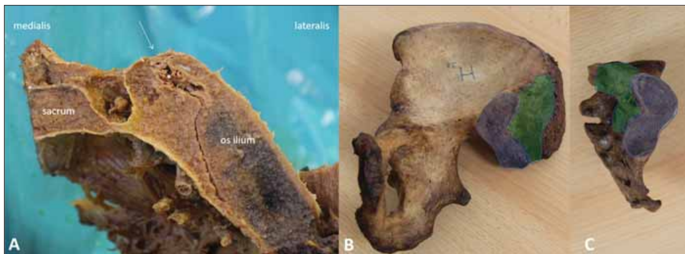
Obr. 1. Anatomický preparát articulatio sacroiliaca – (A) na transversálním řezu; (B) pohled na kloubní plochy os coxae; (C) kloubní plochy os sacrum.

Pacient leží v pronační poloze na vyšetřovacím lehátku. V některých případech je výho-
---------------
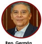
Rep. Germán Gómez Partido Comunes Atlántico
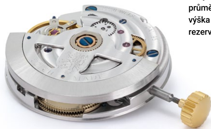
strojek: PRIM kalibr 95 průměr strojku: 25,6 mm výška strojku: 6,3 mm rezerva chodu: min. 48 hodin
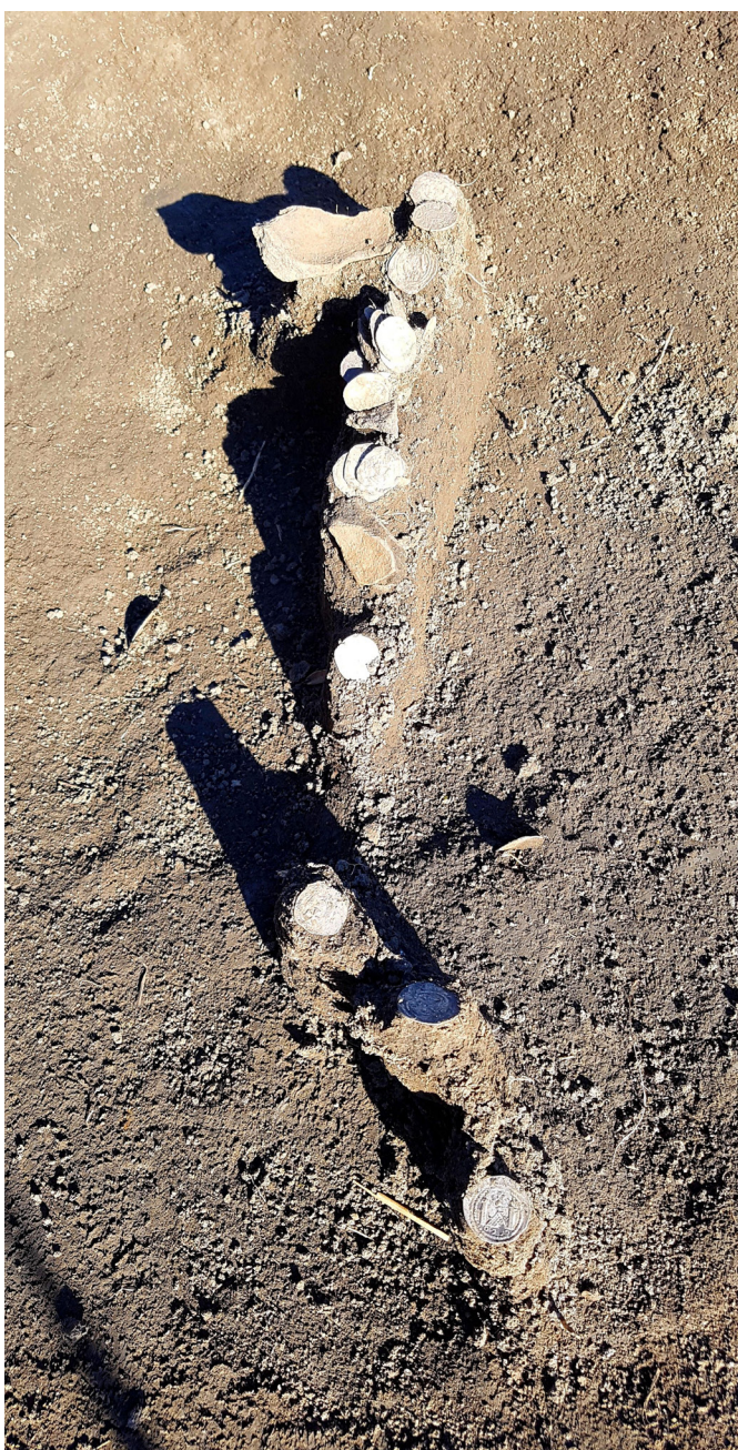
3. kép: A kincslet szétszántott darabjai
---------------
Print exactly the lines above from the one with "Obr. 1. Anatomický" to the one with "Pacient leží v", including both.

**Answer box:**
Obr. 1. Anatomický preparát articulatio sacroiliaca – (A) na transversálním řezu; (B) pohled na kloubní plochy os coxae; (C) kloubní plochy os sacrum.

Pacient leží v pronační poloze na vyšetřovacím lehátku. V některých případech je výho-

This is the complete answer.